Description of data item.
| Colour Image | A PNG image of the scene, with a 24-bit colour depth (3 bytes per pixel). |
| Depth Image | A PNG format depth image corresponding to the colour image's perspective, encoded in 16-bit grayscale (2 bytes per pixel). |
| Labels | <annotation> <filename>Color_HH_MM_SS_SSS.jpg</filename> <object> <name>3</name> <bndbox> <xmin>XX</xmin> <ymin>XX</ymin> <xmax>XX</xmax> <ymax>XX</ymax> </bndbox> </object> <object> <name>X</name> <bndbox> <xmin>XX</xmin> <ymin>XX</ymin> <xmax>XX</xmax> <ymax>XX</ymax> </bndbox> </object> </annotation> |
| IMU Data | HH;MM;SS;MMM; => Timestamp (Hours; Minutes; Seconds; Milliseconds) Compass; => Compass reading (value range from -180° to +180°) Qw;Qx;Qy;Qz; => Quaternion representing the user's head orientation Mx;My;Mz; => Magnetic field vector as measured by the magnetometer aLx;aLy;aLz => Linear acceleration vector (excluding gravity) Gx;Gy;Gz; => Gravity vector along x, y, and z axes |
| GPS Data | HH;MM;SS;MMM;Longitude;Latitude; |
| Sound file | A sonification example |
The dataset consists of RGB images and depth maps recorded at a resolution of 1280 × 720 pixels and a frame rate of 30 frames per second. The limitations of the Intel RealSense RGB-D D435i camera used determined these specifications. The depth maps are stored as 16-bit images, representing a distance range of 0 to 65.535 meters.
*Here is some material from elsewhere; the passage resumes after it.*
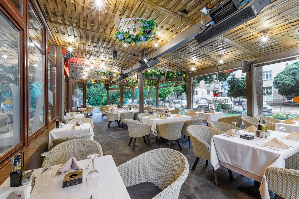 Ресторантът разполага с просторна и слънчева тераса, прохладна лятото и закрита и топла зимата, в която може да се насладите на любимите си ястия в приятна обстановка.
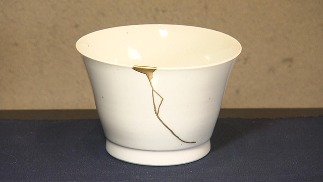 「金継ぎ」は割れたり欠けたりした器などを漆で修復し、金粉で装飾する日本古来の技法です。のり子さんは「金継ぎは“金”が目立つが、本来“継ぐ”ことが本筋。後の人にモノを繫いでいくことが大切」と語ります。

In these depth maps, one difference in light intensity corresponds to 1 millimetre of distance. This information provides a detailed spatial understanding of the scene, enabling accurate depth. Each RGB-D image is accompanied by an annotation file that contains semantic information about relevant elements present in the scene. These elements, categorised into 28 classes, include static and dynamic everyday objects in the pedestrian urban environment. The annotation file specifies the locations of these elements within the image by an axis-aligned 2D bounding box (Fig. 3).
Fig. 3.
Illustration of image annotations.
Dynamic Objects: Car, Bus, Truck, Motorcycle, Scooter, Bicycle, Person, Animal.
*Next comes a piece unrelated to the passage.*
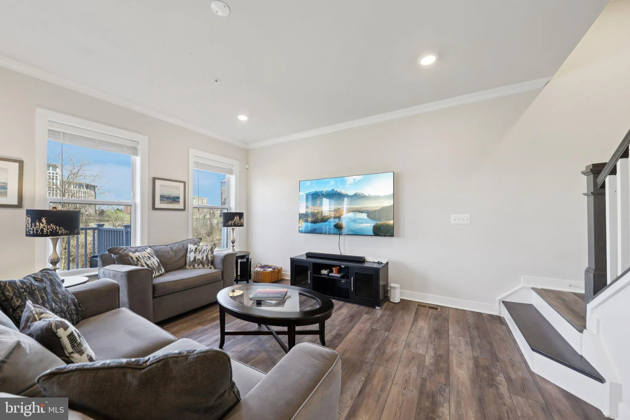 Experience modern living with a view! This stunning 2021-built end-unit townhome in Huntington Crossing offers over 2,100 sq. ft. of sun-drenched space across four finished levels. Unlike typical townhomes, every room in this house boasts unobstructed views of Cameron Run/Hunting Creek, and lush parkland. The main level features an open-concept layout with a chef’s kitchen (gas cooking!), huge island, a sleek electric fireplace, and a private balcony. Retreat to the top-floor primary sanctuary with a spa-like bath, or enjoy the lower-level recreation room complete with a built-in bar and a second fireplace. Current owners splurged on upgrades for the bathroom, hardwood stairs, and high end appliances. The oversized one-car garage (with an EV hookup) and private driveway with room for a second vehicle. The HOA covers exterior maintenance, landscaping, trash collection, and community improvements—making this a truly low-maintenance lifestyle. With its modern construction, flexible floor plan, quiet community feel, and unbeatable proximity to DC, this home delivers exceptional value in one of Northern Virginia’s most convenient locations. Commuting is a breeze with a 5-minute walk to the Huntington Metro and a 5-minute drive to Old Town Alexandria. With an EV-ready garage, private driveway, and an HOA that covers exterior maintenance and water/sewer, this is the ultimate low-maintenance lifestyle.

Static objects: Bench, Dining Table, Chair, Fire Hydrant, Garbage, Traffic sign, Traffic light, Pole, Movable sign, Bus station, Fire hydrant, Pedestrian traffic light, Tree trunk, Crossway, Barricade, Bollard, Bike support, Potted plant, Parking meter, Border.
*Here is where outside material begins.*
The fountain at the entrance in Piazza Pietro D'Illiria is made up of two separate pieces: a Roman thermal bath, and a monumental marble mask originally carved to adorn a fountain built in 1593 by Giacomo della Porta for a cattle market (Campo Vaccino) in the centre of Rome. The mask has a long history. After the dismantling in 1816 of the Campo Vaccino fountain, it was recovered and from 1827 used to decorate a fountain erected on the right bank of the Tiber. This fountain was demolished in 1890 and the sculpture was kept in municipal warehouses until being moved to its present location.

The relevant elements correspond to static or dynamic most common objects present in the pedestrian environment. The position of an object is represented by an axis-aligned 2D bounding box, obtained through a combination of automatic annotation and manual verification. The annotation file format follows the widely accepted Pascal VOC format used in object recognition datasets. Table 3 summarises the characteristics of the 16 image sequences within the dataset. Fig. 4 illustrates the occurrence of each class in the dataset, with colour indicating groups of classes sharing similar characteristics and colour nuances representing synthetic (Pastel colour, top of the column) or real data segments (bright colours, lower part).
Table 3.
Distribution of the number of images and annotations in each set of recording images.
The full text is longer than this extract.